Rep. Jim Langevin, D-R.I., had pressed Smith in February on the security logging upsell, comparing it to making seat belts and air bags options in cars when they should be standard. He commended Microsoft for the one-year reprieve, but said a longer-term conversation is due about it "not being a profit centre." He said "this buys us a year."
Even the highest level of logging doesn't prevent break-ins, though. It only makes it easier to detect them.
And remember, many security professionals note, Microsoft was itself compromised by the SolarWinds intruders, who got access to some of its source code -- its crown jewels. Microsoft's full suite of security products -- and some of the industry's most skilled cyber-defence practitioners -- had failed to detect the ghost in the network. It was alerted to its own breach by FireEye, the cybersecurity firm that first detected the hacking campaign in mid-December.
The intruders in the unrelated hack of Microsoft Exchange email servers disclosed in March -- blamed on Chinese spies -- used wholly different infection methods. But they gained immediate high-level access to users' email and other info.

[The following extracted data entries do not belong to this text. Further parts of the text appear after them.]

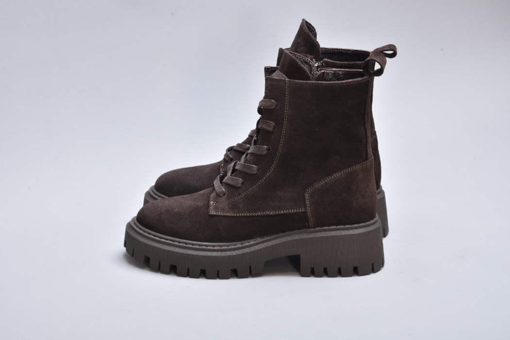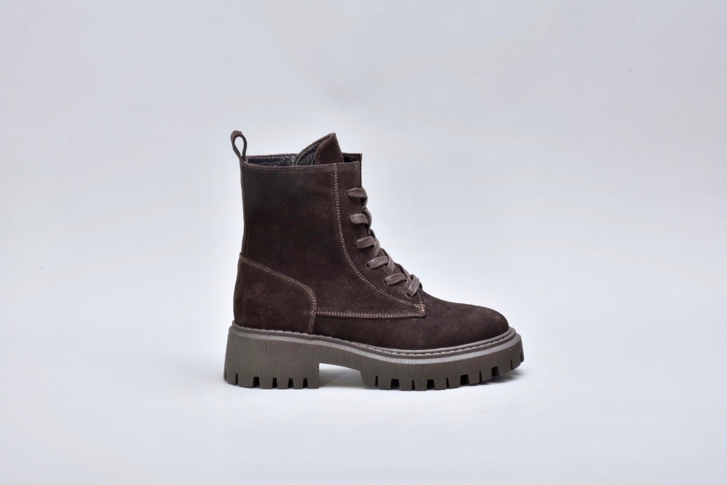 Шнурівка виконана у тон замші, створюючи гармонійний total look. Вона не лише декоративна, а й функціональна — дозволяє точно регулювати посадку по нозі. Поруч розміщена металева блискавка, що додає зручності та динамічного акценту.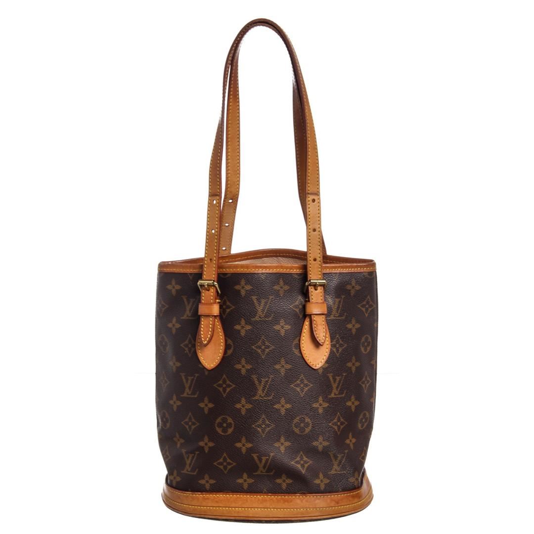 Brown and tan monogram coated canvas Louis Vuitton Petit Bucket bag with brass hardware, tan vachetta leather accents throughout, dual adjustable shoulder straps, beige coated lining, dual pockets at interior walls; one with zip closure and open top.
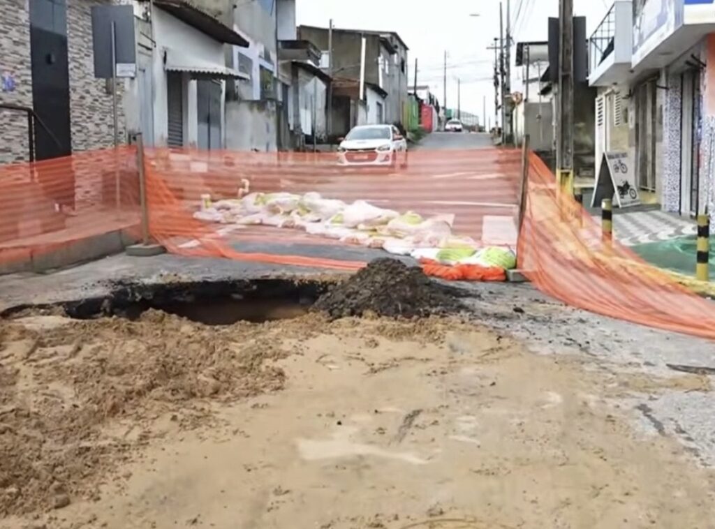 O buraco já existia, segundo moradores, mas se ampliou rapidamente com o volume de água acumulado. A cratera se formou bem no meio do cruzamento, comprometendo o tráfego e aumentando o risco para quem circula pela região.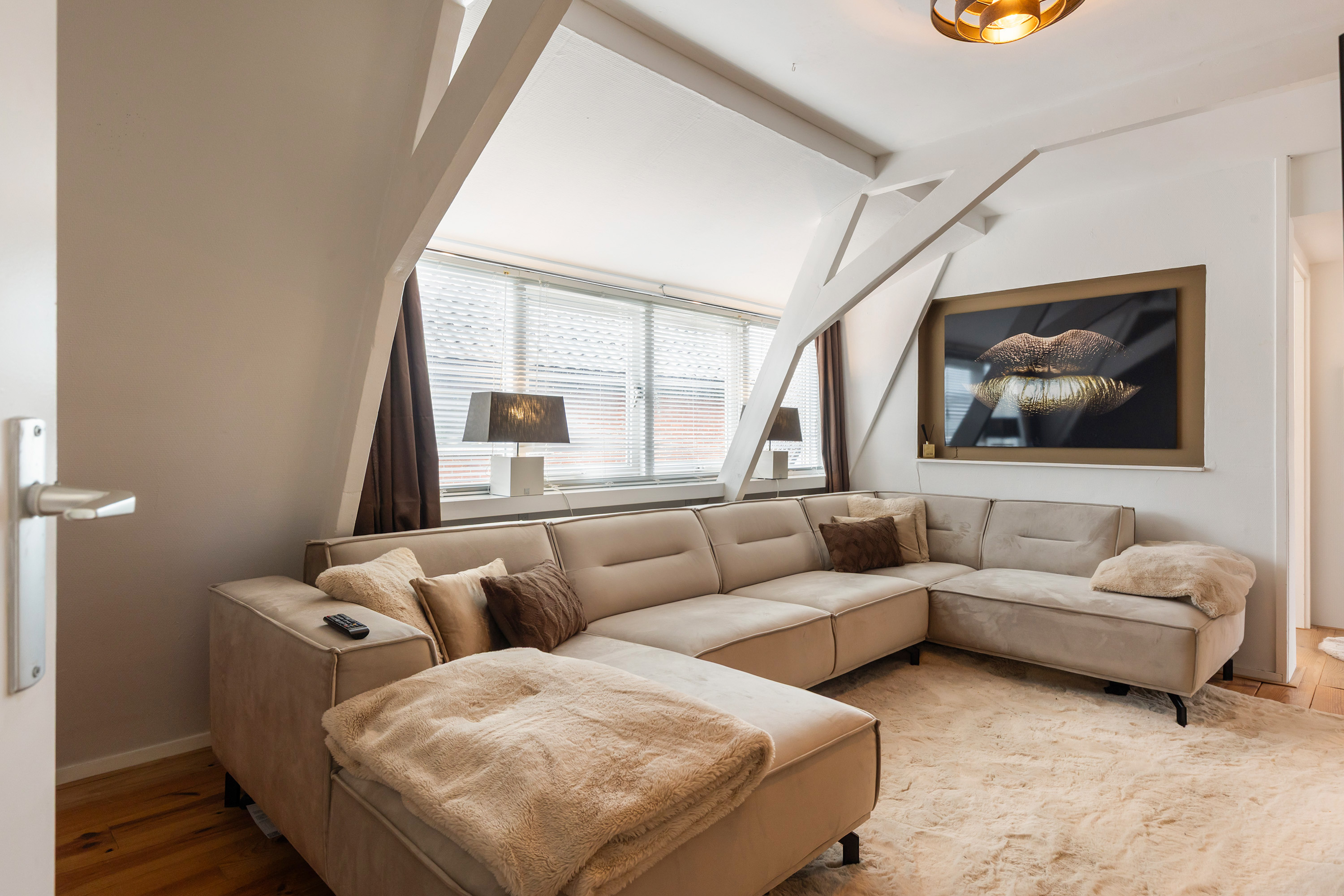Throughout this level the original beams, sloping ceilings, wide dormer windows and wooden floors have been preserved, giving the spaces a warm and authentic character.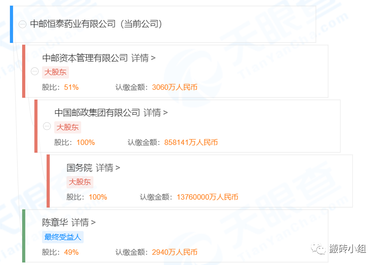 超级大地主中国邮政出来开奶茶店,商标主要是“邮氧的茶”,有两个关联主体,中邮恒泰药业和另一个一堆自然人的运营公司。目前中邮恒泰药业有限公司已申请注册该商标,其大股东为中邮资本管理有限公司,再往上就是中国邮政集团,另一个自然人陈章华感觉很有故事,能跟超级企业做这么深的合作。

Across the industry, Microsoft's investments in security are widely acknowledged. It is often first to identify major cybersecurity threats, its visibility into networks is so great. But many argue that as the chief supplier of security solutions for its products, it needs to be more mindful about how much it should profit off defence.

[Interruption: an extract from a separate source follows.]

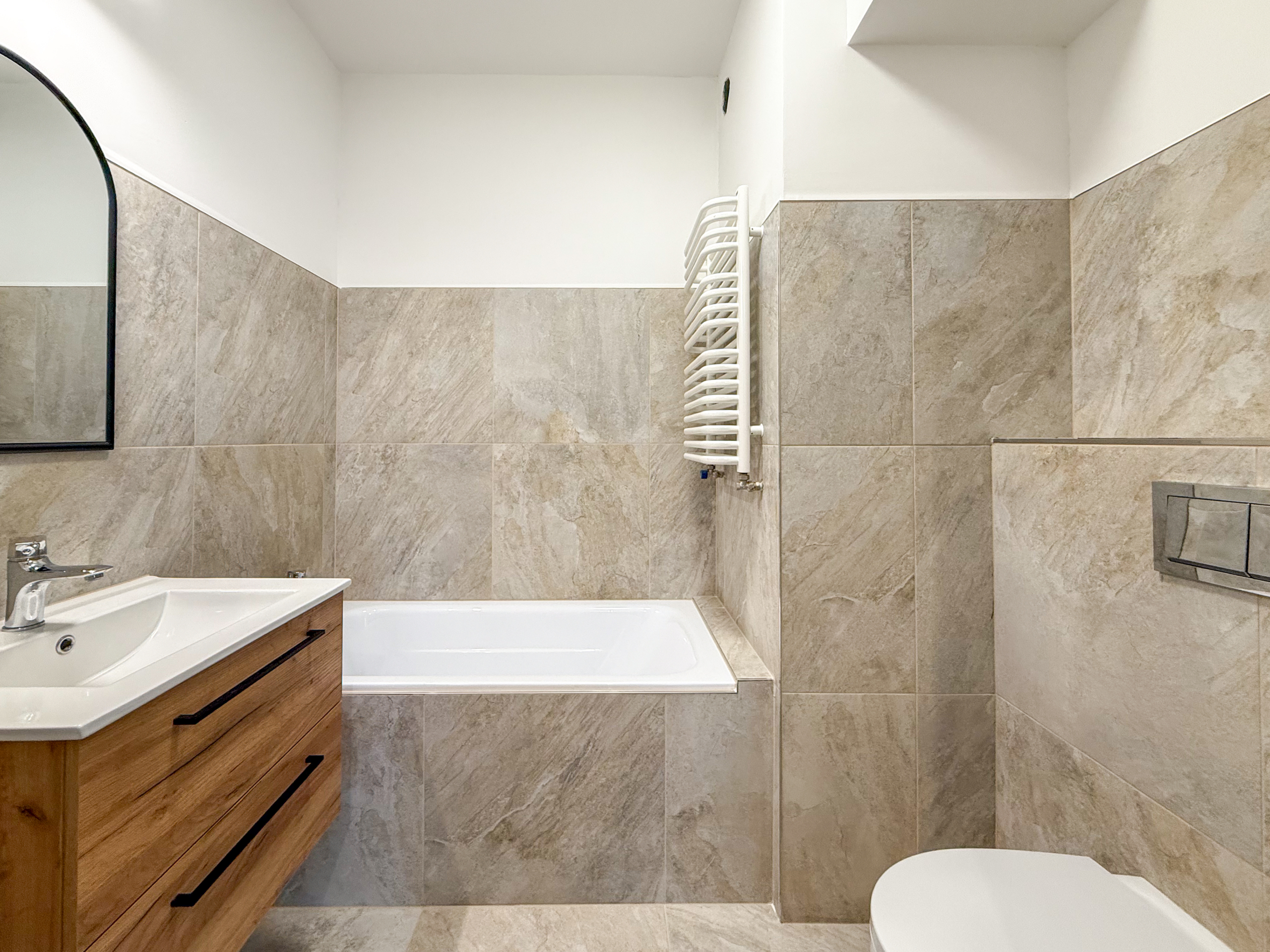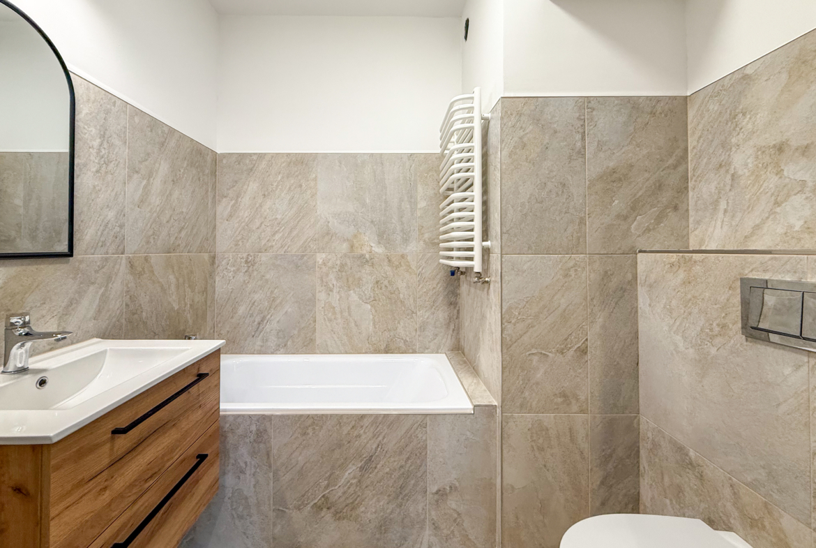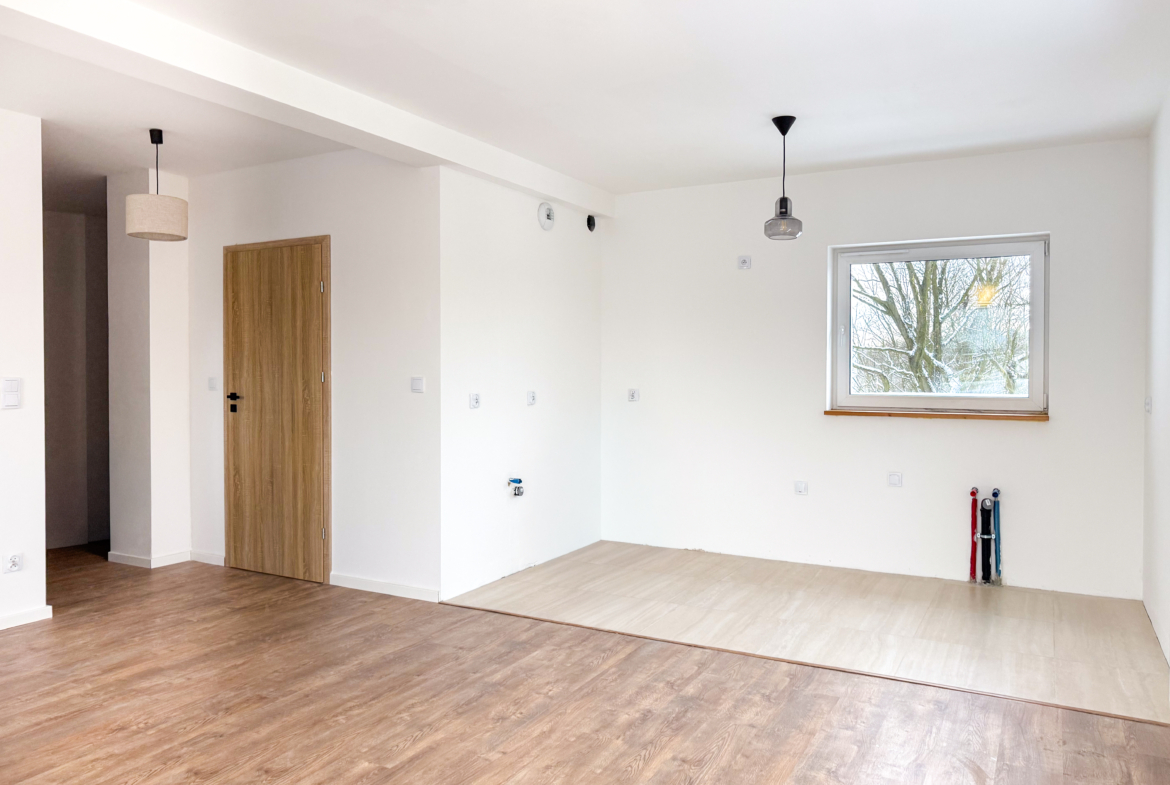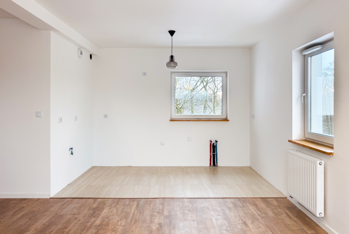 Łazienka została wykończona w 2025 roku – nowa, nieużywana. Pozostałe pomieszczenia w nowoczesnym, neutralnym standardzie, dającym możliwość łatwej aranżacji według własnych potrzeb.

"The crux of it is that Microsoft is selling you the disease and the cure," said Marc Maiffret, a cybersecurity veteran who built a career finding vulnerabilities in Microsoft products and has a new startup in the works called BinMave.
Last month, Reuters reported that a US$150 million payment to Microsoft for a "secure cloud platform" was included in a draft outline for spending the $650 million appropriated for the Cybersecurity and Infrastructure Security Agency in last month's $1.9 trillion pandemic relief act.
A Microsoft spokesperson would not say how much, if any, of that money it would be getting, referring the question to the cybersecurity agency. An agency spokesman, Scott McConnell, would not say either. Langevin said he didn't think a final decision has been made.
In the budget year ending in September, the federal government spent more than half a billion dollars on Microsoft software and services.
Many security experts believe Microsoft's single sign-on model, emphasizing user convenience over security, is ripe for retooling to reflect a world where state-backed hackers now routinely run roughshod over U.S. networks.
Alex Weinert, Microsoft's director of identity security, said it offers various ways for customers to strictly limit users' access to what they need to do their jobs. But getting customers to go along can be difficult because it often means abandoning three decades of IT habit and disrupting business. Customers tend to configure too many accounts with the broad global administrative privileges that allowed the SolarWinds campaign abuses, he said. "It's not the only way they can do it, that's for sure."
In 2014-2015, lax restrictions on access helped Chinese spies steal sensitive personal data on more than 21 million current, former and prospective federal employees from the Office of Personnel Management.
Curtis Dukes was the National Security Agency's head of information assurance at the time.
The OPM shared data across multiple agencies using Microsoft's authentication architecture, granting access to more users than it safely should have, said Dukes, now the managing director for the non-profit Center for Internet Security.
"People took their eye off the ball."